В понедельник, последовавший за первым днем Стивен на охоте, она проснулась с какой-то тяжестью на душе; минуты через две она поняла, из-за чего — сегодня придется идти на чай к Энтримам. Ее отношения с другими детьми были своеобразными, так думала она сама, и так же думали дети; они не могли найти этому определения, и Стивен тоже, но все равно это было так. Она, со своей отвагой, должна была пользоваться популярностью, но этого не было, и она догадывалась об этом, что заставляло ее чувствовать неловкость среди сверстников, а им, в свою очередь, тоже было неловко с ней. Она думала, что дети шепчутся о ней, шепчутся и смеются без очевидных причин; но, хотя однажды это и было так, совсем не всегда происходило то, что воображала Стивен. Она иногда бывала болезненно чувствительной и потому страдала сильнее.
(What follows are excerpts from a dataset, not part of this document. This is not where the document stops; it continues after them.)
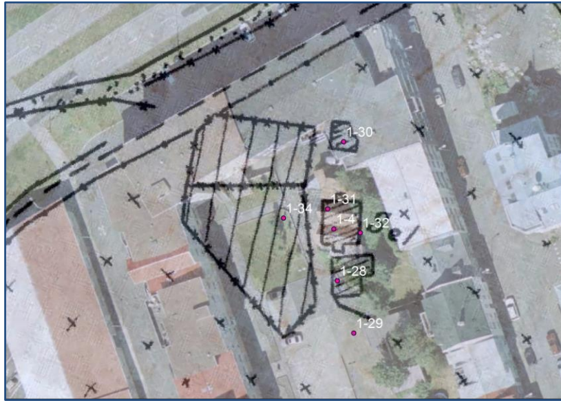
Mynd 9. Fornleifar á bæjarhlaði Stórasels. Rauðir punktar sýna staðsetningar fornleifa. 18
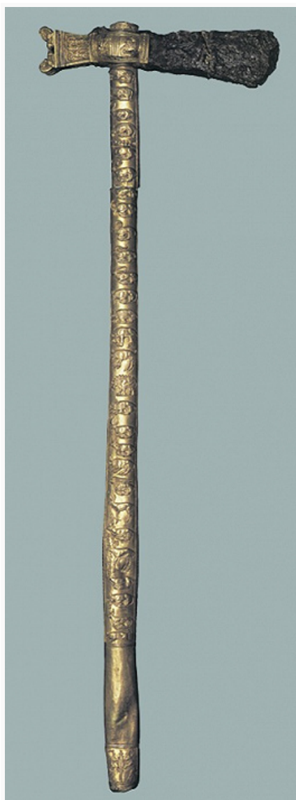
Парадный боевой топор из кургана Келермес-1 (Кубань). Железо, золото. Кон. 7 – нач. 6 вв. до н. э. Эрмитаж (С.-Петербург).

В европ. степях с сер. или кон. 9 до нач. 7 вв. до н. э. доминировала общность, с которой, по мнению ряда исследователей, связаны киммерийцы . С ней находились в тесном контакте племена лесостепи ( чернолесская культура , бондарихинская культура и др.).
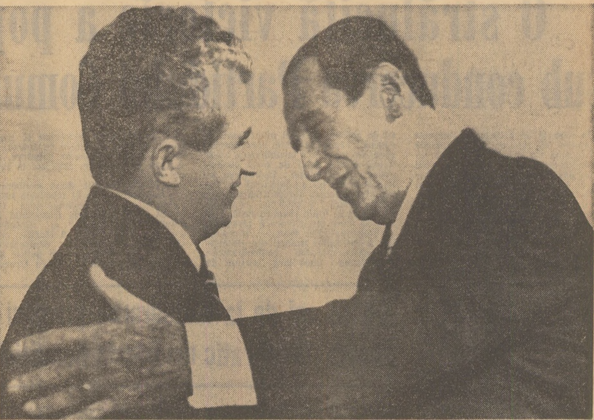
O călduroasă revedere
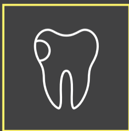
Auxílio na detecção de cáries proximais
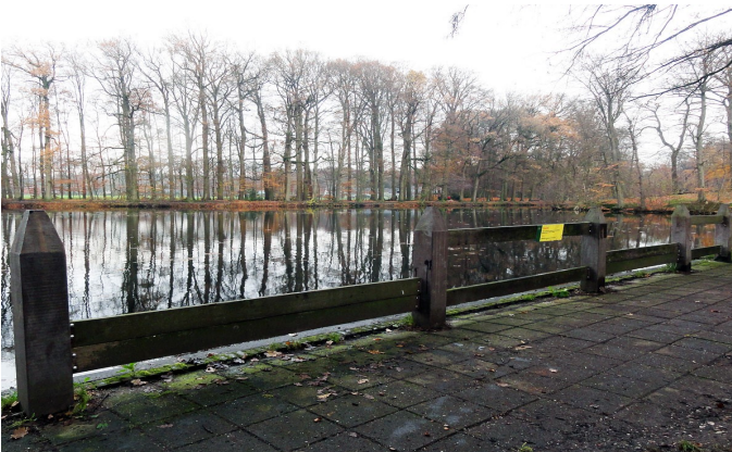
Vernieuwde steiger Biljoen
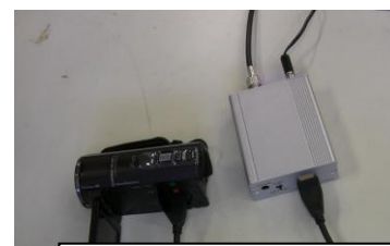
HD カメラと HDMI-SDI 変換器

Из всех детей, к которым Стивен питала наибольшую неприязнь, Вайолет и Роджер Энтрим занимали первое место; особенно Роджер, которому было десять лет, и он уже по уши был набит мужским чванством — ему недавно, этой зимой, позволили носить длинные брюки, что добавило свою долю к его чрезмерной гордости. У Роджера Энтрима были круглые карие глаза, как у матери, и маленький прямой нос, который однажды мог стать красивым; он был довольно крепко сбитым, пухлым мальчиком, и ягодицы у него выглядели слишком большими в короткой итонской куртке, особенно когда он расхаживал с важным видом, засунув руки в карманы, что делал довольно часто.
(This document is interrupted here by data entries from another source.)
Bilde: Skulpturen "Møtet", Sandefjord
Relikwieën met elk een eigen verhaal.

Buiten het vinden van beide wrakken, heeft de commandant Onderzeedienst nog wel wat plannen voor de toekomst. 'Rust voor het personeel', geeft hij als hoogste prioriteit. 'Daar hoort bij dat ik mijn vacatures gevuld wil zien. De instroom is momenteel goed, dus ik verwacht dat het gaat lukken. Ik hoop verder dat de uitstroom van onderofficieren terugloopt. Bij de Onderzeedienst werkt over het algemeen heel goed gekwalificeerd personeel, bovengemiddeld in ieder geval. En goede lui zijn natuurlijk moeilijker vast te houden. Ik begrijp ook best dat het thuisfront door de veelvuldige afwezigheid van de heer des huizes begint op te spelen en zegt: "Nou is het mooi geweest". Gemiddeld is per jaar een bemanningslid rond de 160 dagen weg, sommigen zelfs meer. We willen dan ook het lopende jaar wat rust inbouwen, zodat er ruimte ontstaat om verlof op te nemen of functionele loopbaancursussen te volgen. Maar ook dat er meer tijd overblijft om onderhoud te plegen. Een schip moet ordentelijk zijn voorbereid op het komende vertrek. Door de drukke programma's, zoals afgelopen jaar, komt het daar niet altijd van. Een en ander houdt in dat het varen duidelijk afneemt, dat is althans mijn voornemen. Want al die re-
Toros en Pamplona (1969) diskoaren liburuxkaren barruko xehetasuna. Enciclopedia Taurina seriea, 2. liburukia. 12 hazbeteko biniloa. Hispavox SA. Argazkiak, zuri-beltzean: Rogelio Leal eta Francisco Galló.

Роджер был мучителем; он мучил свою сестру, и был бы не прочь помучить Стивен; но никак не мог с ней совладать — у нее были сильные руки, поэтому он не мог заломить их, как заламывал руки Вайолет; не мог заставить ее заплакать или чем-нибудь выдать свои чувства, когда щипал ее или грубо дергал за новый бантик в волосах; а потом, Стивен часто выигрывала у него, и это внушало ему глубочайшую неприязнь. Она могла ударить по крикетному шару куда точнее, чем он; она лазала по деревьям с удивительным мастерством и ловкостью, и даже если при этом могла порвать юбку, со стороны девочки было наглостью вообще залезать на дерево. Вайолет никогда не лазала по деревьям; она стояла у подножия, восхищаясь храбростью Роджера. Он возненавидел Стивен как некую соперницу, незваную гостью в его законных владениях; он все время жаждал сбить с нее гонор, но был туповат, и методы его были глупыми — не было толку высмеивать Стивен, она отвечала ему сразу же и обычно одерживала верх. Что до Стивен, она питала к нему отвращение, и самой отвратительной его частью было унизительное сознание, что она ему завидует. Да, несмотря на все недостатки Роджера, она завидовала ему, его толстым сапогам на двойной подошве, его стриженым волосам и длинным брюкам; завидовала его школе и мужской компании, о которой он с важным видом говорил «наши ребята»; завидовала его праву лазать по деревьям, играть в крикет и футбол — его праву быть при этом естественным; а больше всего завидовала его великолепной уверенности, что быть мальчиком — это жизненная привилегия; она вполне могла понять это убеждение, но это лишь увеличивало ее зависть.

Вайолет она находила невыносимо глупой, она так же громко ревела, когда просто стукалась головой, как и тогда, когда Роджер применял свои самые мучительные пытки. Но что раздражало Стивен — это подозрение, что Вайолет почти наслаждалась ими.